Net debt as of September 30, 2022, is defined as GAAP total debt before deferred financing fees ($580 million) less cash ($118 million).

Presentation of Oil and Gas Information

References to a formation where evidence of hydrocarbons has been encountered is not necessarily an indicator that hydrocarbons will be recoverable in commercial quantities or in any estimated volume. Gran Tierra’s reported production is a mix of light crude oil and medium and heavy crude oil for which there is not a precise breakdown since the Company’s oil sales volumes typically represent blends of more than one type of crude oil. Well test results should be considered as preliminary and not necessarily indicative of long-term performance or of ultimate recovery. Well log interpretations indicating oil and gas accumulations are not necessarily indicative of future production or ultimate recovery. If it is indicated that a pressure transient analysis or well-test interpretation has not been carried out, any data disclosed in that respect should be considered preliminary until such analysis has been completed. References to thickness of “oil pay” or of a formation where evidence of hydrocarbons has been encountered is not necessarily an indicator that hydrocarbons will be recoverable in commercial quantities or in any estimated volume.

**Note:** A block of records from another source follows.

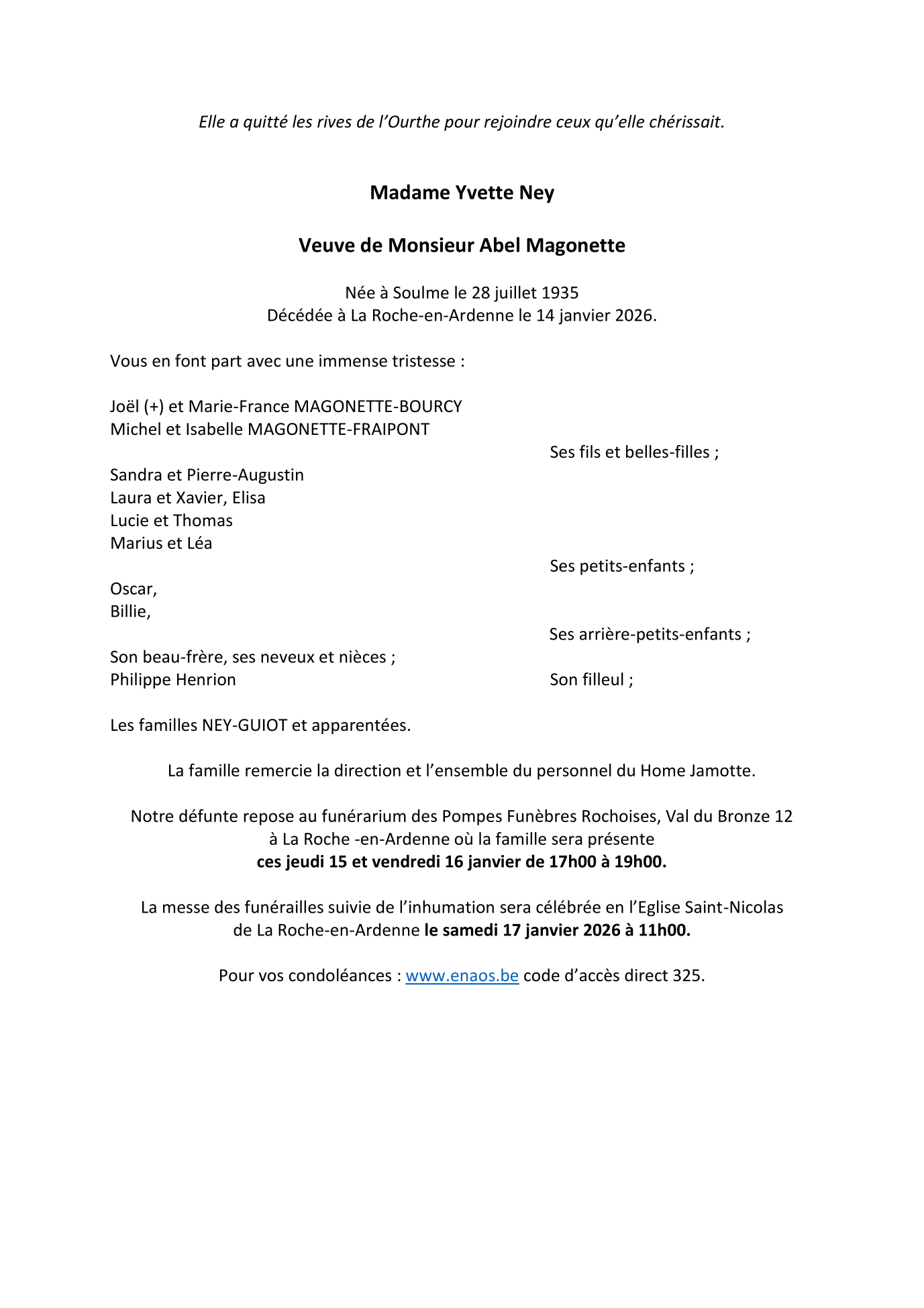 Décédée à La Roche-en-Ardenne (6980, Belgique) le mercredi 14 janvier 2026 à l'âge de 90 ans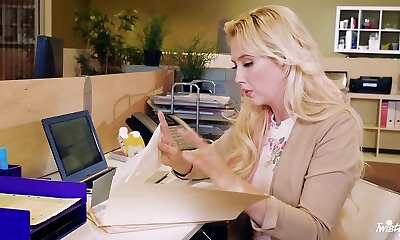 Secretary in stockings sates her boss in the office...
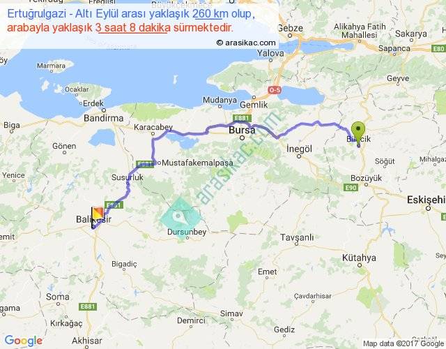Eğer Ertuğrulgazi Altı Eylül arası ne kadar yakar (benzin/mazot) diyorsanız, kilometrede 3 ₺ yakan bir aracınız var ise 780, km'de 4 ₺ yakan bir aracınız var ise 1040, km'de 5 ₺ yakan bir aracınız var ise 1300 ile bu yolculuğu tamamlayabilirsiniz.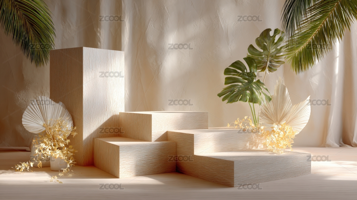 時尚的木質(zhì)階梯陳列臺與植物裝飾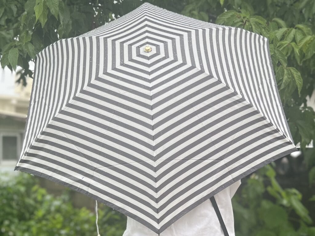 シンプルなデザインのモノトーンのボーダー柄に惹かれたこちらの傘。お得なアウトレット商品で、価格は40%OFFの¥6,600(税込)でした。

This press release contains certain oil and gas metrics, including operating netback and cash netback, which do not have standardized meanings or standard methods of calculation and therefore such measures may not be comparable to similar measures used by other companies and should not be used to make comparisons. These metrics are calculated as described in this press release and management believes that they are useful supplemental measures for the reasons described in this press release.

Such metrics have been included herein to provide readers with additional measures to evaluate the Company’s performance; however, such measures are not reliable indicators of the future performance of the Company and future performance may not compare to the performance in previous periods.